When Coe saw Cartwright heading for the hall, he stepped inside a shop doorway and hid. He didn’t feel needed. I think we’re in trouble he’d said, and meant it, but he didn’t think trouble was going to happen here. The odds were on a par with aliens landing on that scaffolding, or America’s comedy president forswearing Twitter.
But as far as the bigger picture went, he knew he was right.
He slipped his radio’s earbuds in and listened to the headlines: an update on the surviving penguins; a woman found dead in her London home. Not long ago, he wouldn’t have been able to do this: the most he’d been able to bear was long stretches of unscored piano music; improvised melody that had him drifting like a leaf in a rowing boat’s wake.
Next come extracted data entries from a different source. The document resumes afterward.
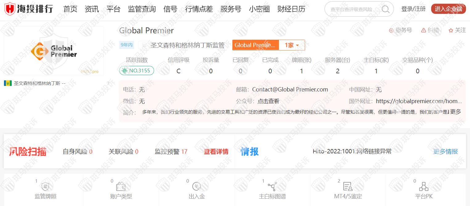 这家平台叫Global Premier,成立于2020年,全球排名3155名,无监管,没有外汇牌照,不能做外汇保证金交易,风险扫描显示17条风险,投资者资金安全无保障。
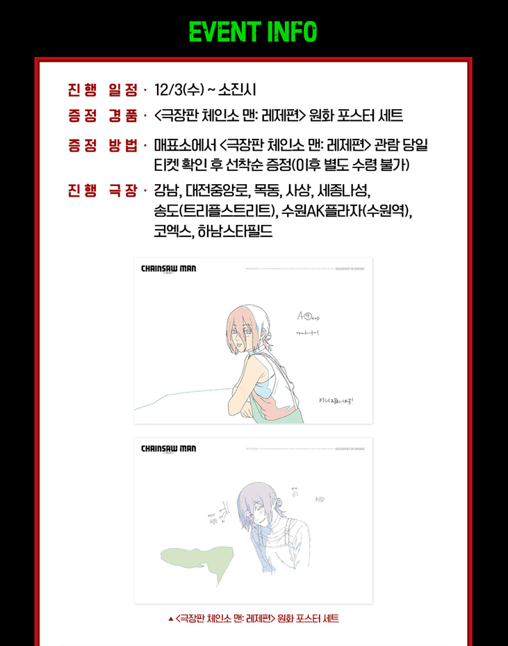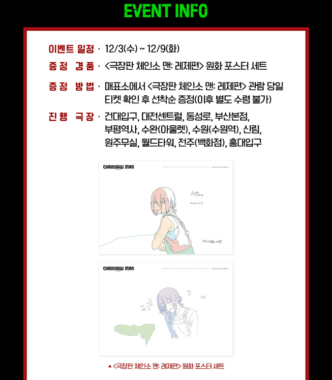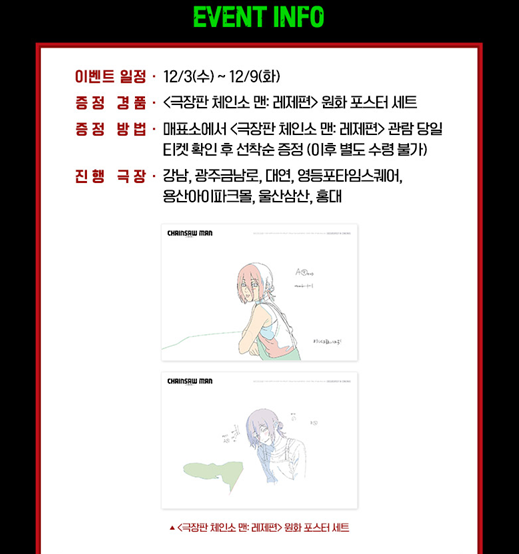 | [애니메이션 극장판 <체인소 맨: 레제편> 11주 차 주말 특전 목록] (0) | 2025.12.06 |
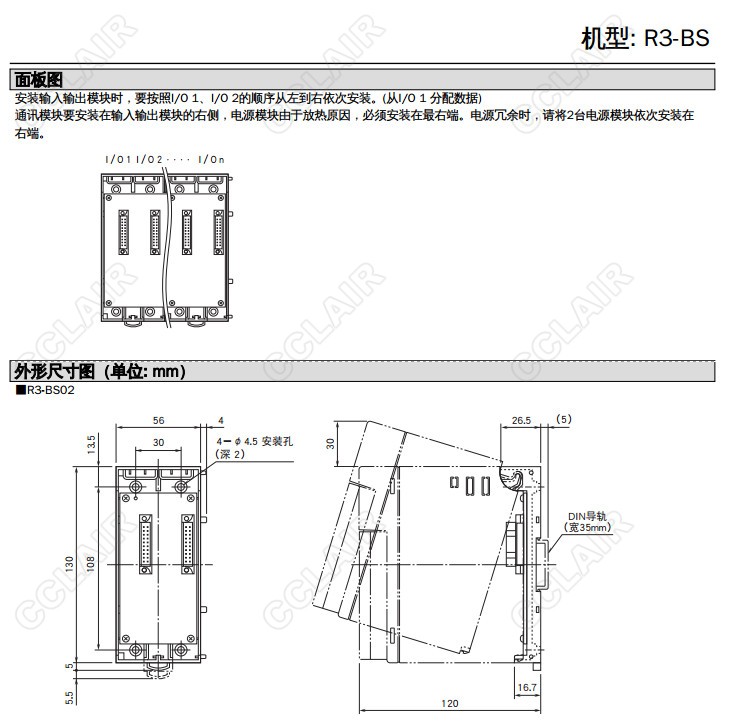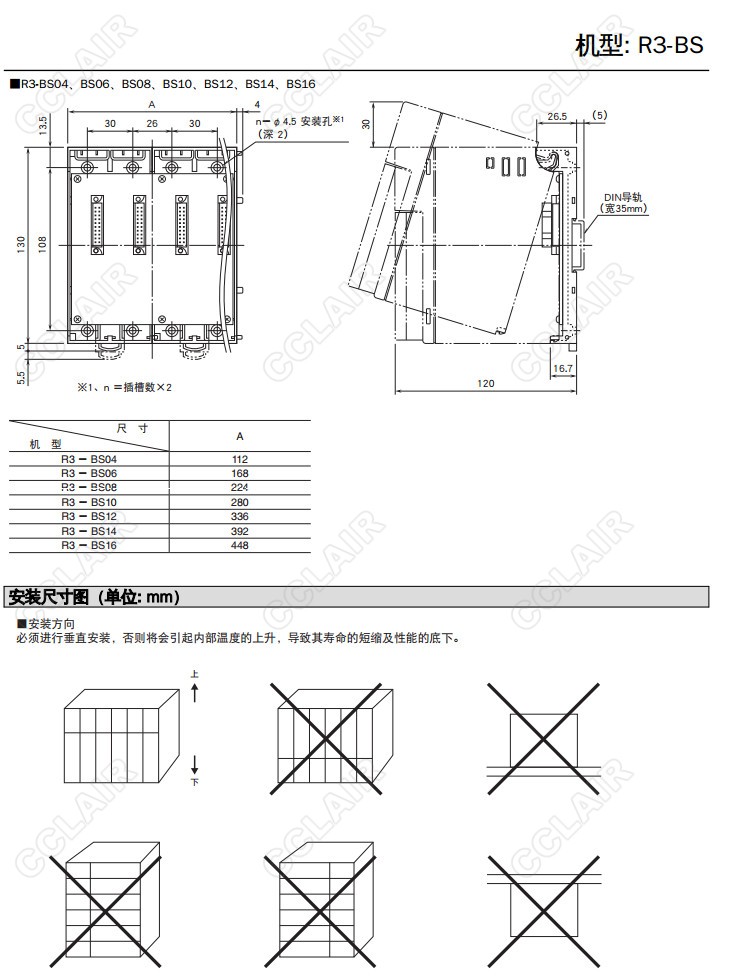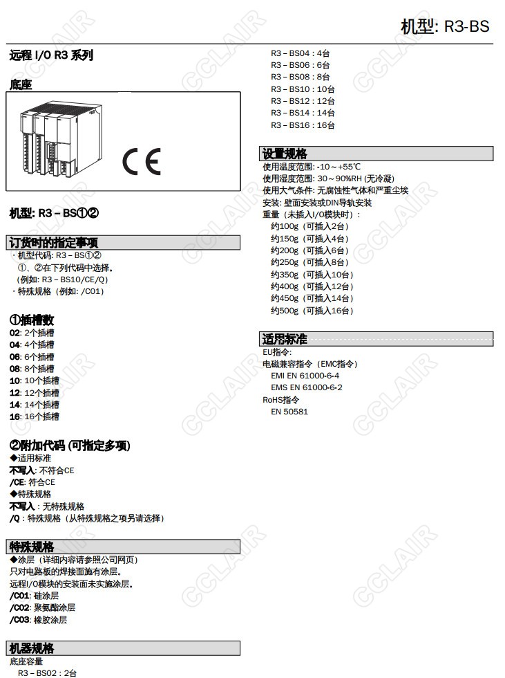 R3-BS,R3-BS10/CE/Q,R3-BS02,R3-BS04,R3-BS06,R3-BS08,R3-BS10,R3-BS12,2~16個模塊用底板R3-BS14,R3-BS16,

But that was fading; had begun to do so once he’d fired three bullets into a killer’s chest. Strange, the things that eased tension. This one wasn’t likely to crop up in self-help books, but you couldn’t argue with results.
And whatever else was going on, whatever static buzzed in his background, his brain worked fine, so yes, he knew
he was right. He’d always had an ability to retrieve written information: to recall the shape of words on a page, the arrangement of paragraphs, at what depth of a book a sentence lay. ‘The watering hole’ was a Kiplingesque phrase that lingered. Whoever had tossed the bomb into the penguin enclosure at Dobsey Park had been following instructions that Coe had seen written down, and beneath that plan a bigger one was shifting. The point of all this was to whip the curtain away, and show the machinery behind. Expose the plan as one the nation had written itself, or its secret sharers had. And a nation’s secret sharers were the keepers of its soul.
He left the doorway and headed down the street, then into an alley between the worked-on building and the next. At the end of the alley wheelie bins jostled, but there was no way through, and he was about to head back when he noticed a ladder fixed to the scaffolding. Okay, he thought. From up high, he could watch the street. Cartwright was bound to call and ask what he was doing; ‘maintaining surveillance’ might shut him up. And he’d be out of harm’s reach. He scaled the ladder, and then another, which took him up to a walkway thirty feet above the street. The wooden boards had give in them, but not enough to feel unsafe. Just a slight swaying motion. Panic attacks, Lamb had accused him of having. Okay, but it was people who triggered them. He was fine with heights. Was fine with most things, provided they didn’t come with people attached.
By the top of this second ladder was a sealed paint tin, which probably shouldn’t have been left there. Coe stepped round it, leaned on a horizontal metal pole, and looked down on the street below.
‘The watering hole’. At Regent’s Park he’d have had to back his assertions with hard evidence or statistical probability. In Slough House, all he’d had to do was convince Jackson Lamb. But then, Lamb had done his time behind the Wall, and could still read the writing on it. People talked about Spook Street – life in the covert world – but Lamb had served down the dismal end, where your instincts stayed sharp or you suffered, and he recognised the truth when he heard it. Which didn’t mean he wasn’t a fat bastard, just that he was a fat bastard you dismissed at your peril.